I have a small doubt. My real data looks like this
Y values are random values of integers from 0 to 2000. X values run like 1,2,3,4,5,.. to 2 million.
Now, my task is to identify significant peaks and remove background noise.
To achieve this , I used 2 methods :
I created a sliding window of 50 elements. I divide y[50] by mean of y[1]..to y[49].Now, the modified values are plotted and the significant peaks are recorded.
I created a sliding window of 50 elements. I divide y[50] by y[49] and y[50] by y[48] and so on till y[50] by y[1], and take the average.Now, the modified values are plotted and the significant peaks are recorded.

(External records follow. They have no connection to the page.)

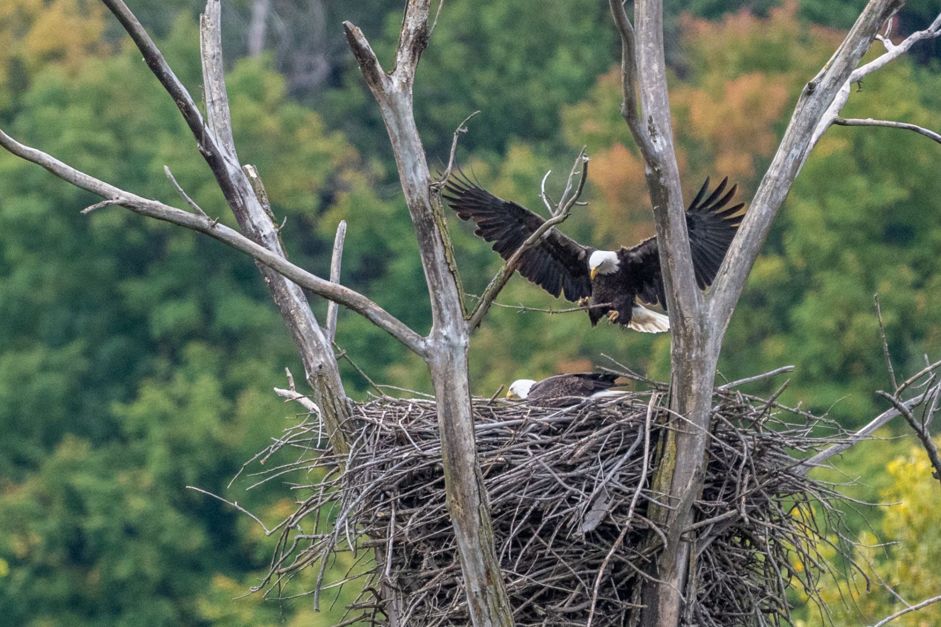 During high winds, we saw migrating cormorants and pelicans as they flew past He Mni Can/Barn Bluff in Red Wing. Eagles were flying and Turkey Vultures were having trouble in the winds. Vultures are not as strong as eagles, so they look ‘tippy’ when trying to navigate gusty winds. We also saw three Peregrine Falcons as they cruised around in the winds and they had no problem. Yesterday, we saw an eagle pair working on their nest. One eagle flew over to a tree, snapped off a branch, and brought it to the nest.
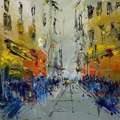 Dieses einzigartige und originale zeitgenössische Kunstwerk "Rue animée" in dem Stil "Figurativ" wurde von dem zeitgenössischen Künstler Raffin Christian kreiert.
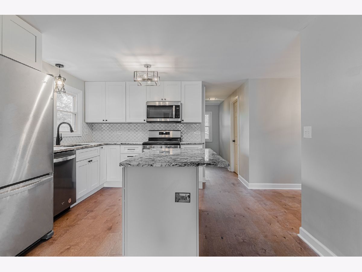 Rehabbed top to bottom, this home features 4 Bedrooms with 3 Full baths. Amazing location on a Double Lot! The main level includes an open concept with an expansive Living Room and Hardwood throughout. First-floor bedroom or office with Full bathroom just across the hall. Trendy two-tone kitchen with island and Alaskan White Granite countertops. Custom floor-to-ceiling pantry cabinet provides tons of cabinet space. On the second floor, the Master Suite has a Full bathroom with a Skylight, a walk-in closet, and a balcony that overlooks a tree-lined backyard with a nice private feel. Separate Laundry space on the 2nd floor means no trips to the basement to do laundry! All new windows, new plumbing, and new A/C. *Taxes are with NO Exemption. Please do not lock the garage door.
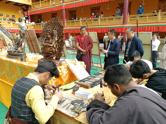 壤塘县立足壤塘文化优势,高度重视文化资源的挖掘利用,以实现富民强县为着眼点和着力点,科学谋划,靶向施策;坚持量力而行、尽力而为,由点扩面培育文化产业,将文化优势转化为经济优势、产业优势。通过“创建传习基地”进行“生产性保护”,创办非遗传习所26个,涵盖藏香、藏茶、藏药、唐卡、石刻、陶艺、梵乐、服饰、民歌等非遗文化产业。作为非遗文化生产性保护的传习所,带动了众多的贫困户孩子就业和创业。2017年,26个传习所中实现利润的有15个,占比达57.6%,累计实现近500万元的经济效益。如宗科石刻传习所20人,年均营业额在60万元左右,实现人均增收3万元。

Which is the best method to use? You can also suggest other methods.
Background info:
The 2 million numbers are the nucleotide positions of a an entire genome. For eg if the nucleotide code is AUGCAUC .. and so on 1st position correspond s to A , 2nd to U and so on. For each of this position,you have a coverage value which is important to predict other things. First I calculate these values, and see if the peaks correspond to the results. After visual inspection I have to empirically choose the cut off value of the peak. Say for eg 100. I am more interested in the method.
The first method does not seem to work out well. If the mean of previous 49 elements is low then the final value shoots up.
The second one seems to be fine. But, I need a good opinion from a mathematician.